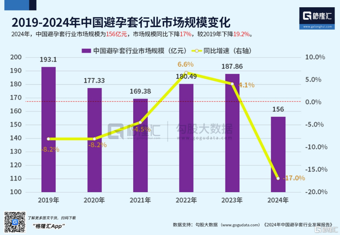 格隆直接上数据:2024年中国避孕套市场规模156亿元。这是什么概念呢?2023年避孕套卖了187.86亿元。2024年足足下降了17%——这个数据,比伟哥,更加“萧条”。
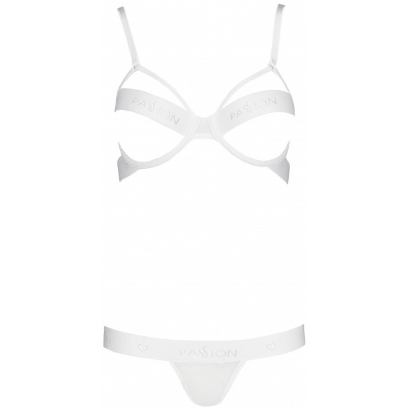Белый комплект нижнего белья Kyouka выполнен из полупрозрачной сеточки и эластичных стрэп-лент с фирменным логотипом! Открытый лиф на косточках, на спинке застежка на крючки-петли.
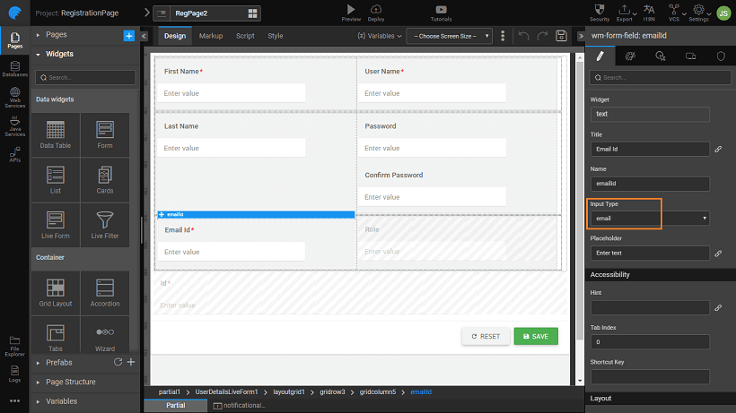 • For Email ID, set input Type to email. This will auto validate the field entry to be in the email format with an @ symbol.
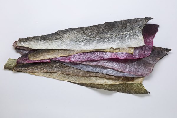 Also tackling this dichotomy from a material angle is Andrea Liu from BA Textile Design. Liu’s textiles are produced by tanning salmon skin – an experimental process which is sustainable and chemical free. While this is a project driven by turning waste into a material of value, Liu is also interested in narrative-based textiles. Inspired by ganseys – distinctive woollen jumpers worn by fishermen – her designs focus on the importance of preservation, using textiles to protect knowledge and memories on the verge of being forgotten. Here, human action is utilised in order to re-image and re-value a natural material.
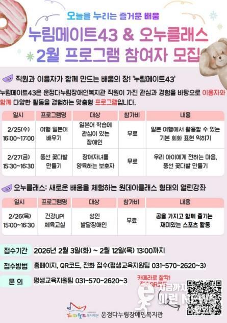 이런뉴스(e-runnews) 김삼성 기자 | 파주시 운정다누림장애인복지관은 참여형 평생학습 프로그램 ‘누림메이트43’을 운영하며, 정규 강좌로는 담기 어려운 소규모 학습 수요를 반영한 생활 밀착형 배움을 실천하고 있다.
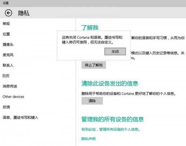 在弹出的窗口中点击“停止了解我”按钮和“清除”按钮。其实这一步就是切底关闭了微软小娜Cortana和清除了其本身的记录。这就是怎样激活微软小娜的方法,既然你的开关按钮是灰色的,我们不能选择,那我们就干脆直接关掉你。任何事情也就是如此,反其道而行,或许还能走出一条阳光大道的。如图所示:

▸ **What you should do**
What is needed is an exact copy of every line from the one with "Белый комплект нижнего" to the end of the listing above, with the pictures left out.

▸ **Expected answer**
Белый комплект нижнего белья Kyouka выполнен из полупрозрачной сеточки и эластичных стрэп-лент с фирменным логотипом! Открытый лиф на косточках, на спинке застежка на крючки-петли.
 • For Email ID, set input Type to email. This will auto validate the field entry to be in the email format with an @ symbol.
 Also tackling this dichotomy from a material angle is Andrea Liu from BA Textile Design. Liu’s textiles are produced by tanning salmon skin – an experimental process which is sustainable and chemical free. While this is a project driven by turning waste into a material of value, Liu is also interested in narrative-based textiles. Inspired by ganseys – distinctive woollen jumpers worn by fishermen – her designs focus on the importance of preservation, using textiles to protect knowledge and memories on the verge of being forgotten. Here, human action is utilised in order to re-image and re-value a natural material.
 이런뉴스(e-runnews) 김삼성 기자 | 파주시 운정다누림장애인복지관은 참여형 평생학습 프로그램 ‘누림메이트43’을 운영하며, 정규 강좌로는 담기 어려운 소규모 학습 수요를 반영한 생활 밀착형 배움을 실천하고 있다.
 在弹出的窗口中点击“停止了解我”按钮和“清除”按钮。其实这一步就是切底关闭了微软小娜Cortana和清除了其本身的记录。这就是怎样激活微软小娜的方法,既然你的开关按钮是灰色的,我们不能选择,那我们就干脆直接关掉你。任何事情也就是如此,反其道而行,或许还能走出一条阳光大道的。如图所示:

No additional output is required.